Fired
So I got fired from GitHub two weeks ago.
This is the tweet I wrote afterwards while walking to lunch:
The last half-decade meant everything to me. Was a hell of a gig.
Thanks, GitHub.
— Zach Holman (@holman) February 20, 2015
I left it ambiguous because I wasn’t sure what to think about it all at that point. I mean, something I’d been doing for half a decade was suddenly gone. If people knew what really happened, would they view me differently? Would they — gulp — view me as a failure? Please, please suggest that I eat babies or microwave kittens or something else far more benign, but, for the love of god, don’t suggest I’m a failure.
Do you know what happens after you leave a job you’ve been at for five years? You get drunk a lot, because everyone you know hits you up and says hay man, let’s def get a drink this week and you can’t really say no because you love them and let’s face it, you suddenly have a lot of free time on your hands now and they’re obviously the ones buying.
Do you know what happens after you tell them the whole story behind your termination? Virtually everyone I’ve had drinks with tells a similar story about the time they got fired. Seemingly everyone’s got stories of being stuck under shit managers, or dealing the fallout from things out of their control.
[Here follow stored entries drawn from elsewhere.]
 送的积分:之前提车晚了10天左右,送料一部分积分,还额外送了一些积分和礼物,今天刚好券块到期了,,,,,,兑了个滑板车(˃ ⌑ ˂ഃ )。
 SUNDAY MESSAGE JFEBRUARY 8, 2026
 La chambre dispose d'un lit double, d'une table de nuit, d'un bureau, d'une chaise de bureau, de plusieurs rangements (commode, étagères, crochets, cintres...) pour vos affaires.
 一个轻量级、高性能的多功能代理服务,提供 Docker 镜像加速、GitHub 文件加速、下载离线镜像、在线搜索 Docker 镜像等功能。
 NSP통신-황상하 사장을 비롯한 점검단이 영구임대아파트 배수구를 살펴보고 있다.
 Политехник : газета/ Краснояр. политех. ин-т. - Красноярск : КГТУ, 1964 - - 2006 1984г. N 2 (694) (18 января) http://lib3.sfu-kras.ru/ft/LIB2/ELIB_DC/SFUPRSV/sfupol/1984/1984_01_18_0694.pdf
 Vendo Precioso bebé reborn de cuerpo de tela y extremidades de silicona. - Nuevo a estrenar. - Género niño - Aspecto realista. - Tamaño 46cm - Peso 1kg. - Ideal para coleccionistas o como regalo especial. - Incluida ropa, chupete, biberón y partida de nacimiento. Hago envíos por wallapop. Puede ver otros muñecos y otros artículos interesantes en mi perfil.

Maybe this is selection bias and all of my friends are horrific at their jobs, but there’s an awful lot of them that I’d consider to be best-in-industry at what they do, so I think it’s more likely that the answer is: It Was Probably Complicated™.
I’ve been pretty fascinated by this lately. Getting fired is such a taboo concept: nobody will want to hire me if they knew I got fired from my last gig. And yet, certainly a lot of people do get fired, for a lot of different reasons. Even if you spend years doing something well, when it comes to work, people tend to focus predominantly on your last month rather than the first 59.
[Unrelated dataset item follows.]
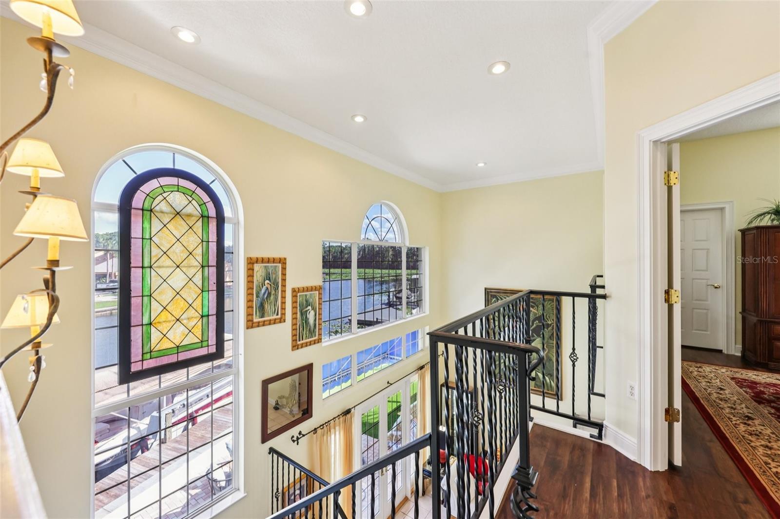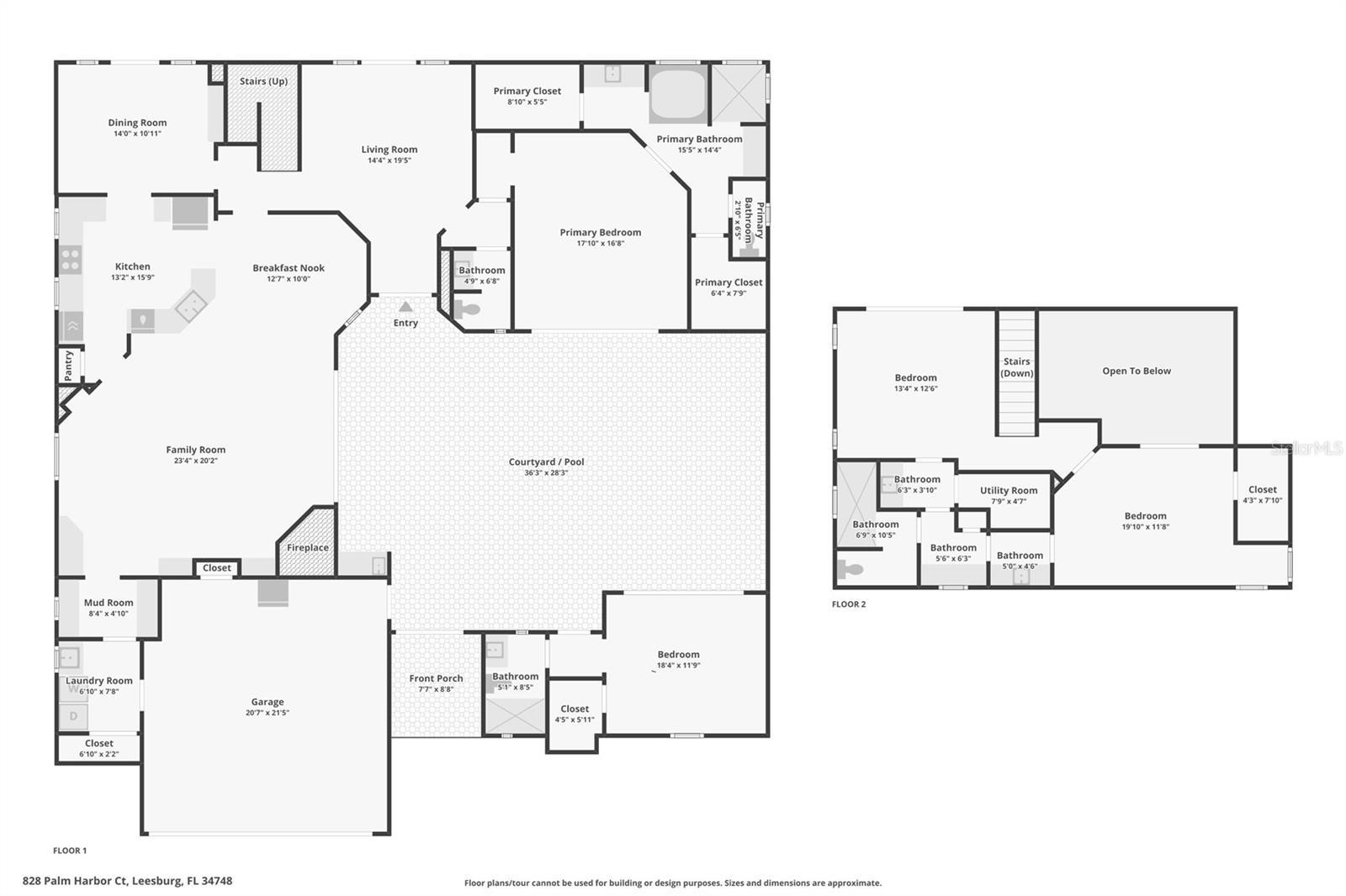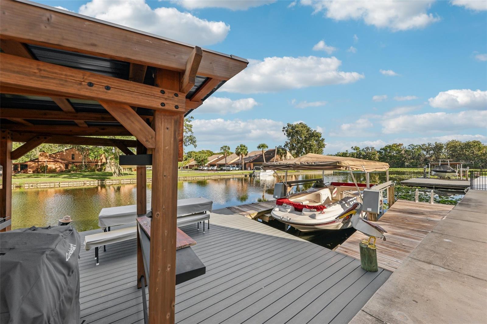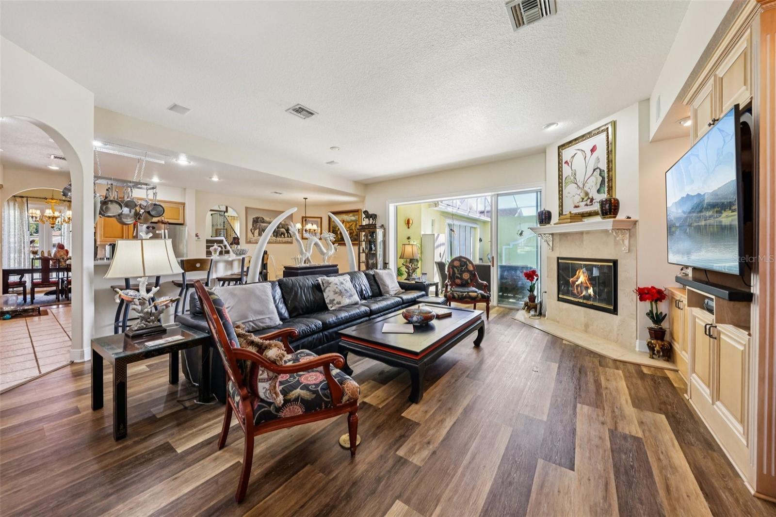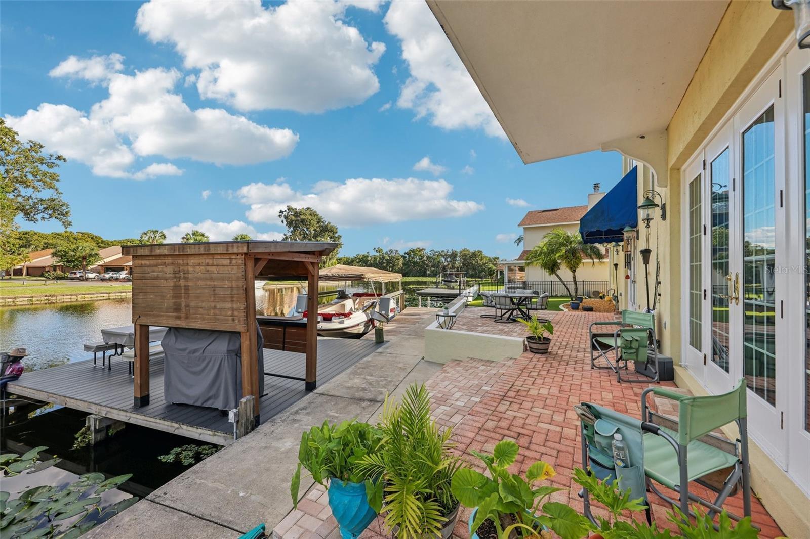 Exceptional opportunity to own a spacious waterfront retreat on a quiet cul-de-sac with NO HOA. Located on a wide canal - you have direct access to Big Lake Harris and the Harris Chain of Lakes. This 4-bedroom, 3.5-bathroom home boasts 3,296 sq ft of living space and a 2-car garage. Step inside to be greeted by soaring ceilings, hardwood floors, and natural light streaming through large windows. The seamless, flowing layout offers incredible water views from almost every room. The main level features spacious living areas, including a family room has a gas fireplace with panoramic water vistas and a cozy living room with direct pool access. The kitchen comes complete with Corian countertops, custom cabinetry, bar seating and breakfast nook. Enjoy memorable meals in the formal dining room with its captivating waterfront backdrop. The main-floor primary suite offers poolside views, two large walk-in closets, and an en-suite bathroom featuring dual vanities, a separate shower, and a jetted tub with a water view. Upstairs, the second and third bedrooms are connected with a jack and jill en-suite bath, each with a large walk-in closet. The front bedroom offers a balcony with amazing water views. A separate first floor casita provides the fourth bedroom and full bath—perfect for a private home office or guest suite. Enjoy the Florida sunshine by your private pool, featuring a built-in gas grill area. The backyard has been opened up to allow for sweeping water views. Enjoy peace of mind with Major Updates including NEW ROOF 2019 - Seawall Reinforced 2025 - Both AC Units NEW 2025 - Water Heater 2021 - Freshly painted inside - Professionally Installed Astroturf added in the backyard - Concrete sealed - Dock updated in 2023 - New pool pump - New dishwasher. Truly an unbeatable location- cruise by boat with ease to waterfront restaurants, local boutiques, and festivals while also having easy access to highways, shopping, schools, dining and more. Schedule a tour to see this beautiful waterfront home in person today!

This isn’t the case with love, to choose a cliché metaphor. If you break up with somebody, it just wasn’t meant to be is the catch-phrase used rather than yo you must have been a shit partner to not have forced that relationship to work out.
Working is such a spectrum. The company can change a lot while you’re there, and you can change a lot while you’re there. Sometimes the two overlap and it’s great for everyone, and sometimes they don’t. But I’m not sure that’s necessarily an indictment of either the employer or the employee. It just is.
Unless you’re embezzling money or using the interns as drug mules or something. Then yeah, that’s probably an indictment waiting to happen, and your termination really does reflect something deeply flawed in your character.
Do you know what happens when you’re reasonably good at your job and you suddenly leave the company? Everybody asks what’s next? What do you have lined up next? Excited to see what’s next for you! That’s nice and all, but shit, I barely even know what I’m eating for lunch today. Or how the fuck COBRA works (to the best of my current knowledge it has nothing to do with G.I. Joe, either the action figures or the TV show, much to my dismay).
Part of the problem with not admitting publicly that you were fired is that people inevitably assume you’re moving onto something bigger and better, which ironically is kind of a twist of the knife because you don’t have something bigger and better quite yet. (And no, I’m not working at Atlassian, so stop tweeting me your congratulations, although I’m still cracking up about that one.)
But hey, I mostly just feel lucky. I’m lucky I got to work at the company of my dreams for five years. I got to meet and work with the people in the industry I admired the most, and, even more than that, I somehow am lucky enough to call them “friends” now. I got hired by dumb luck — I still consider it an objective mistake for them to have hired me, back then — and I was able to grow into a myriad of roles at the company and hopefully help out more than a few people across our industry. I left on great terms with leadership and the people I worked with. I feel like I can be pretty proud about all of that.
So basically what I’m saying is that I’m really excited to hear what I do next.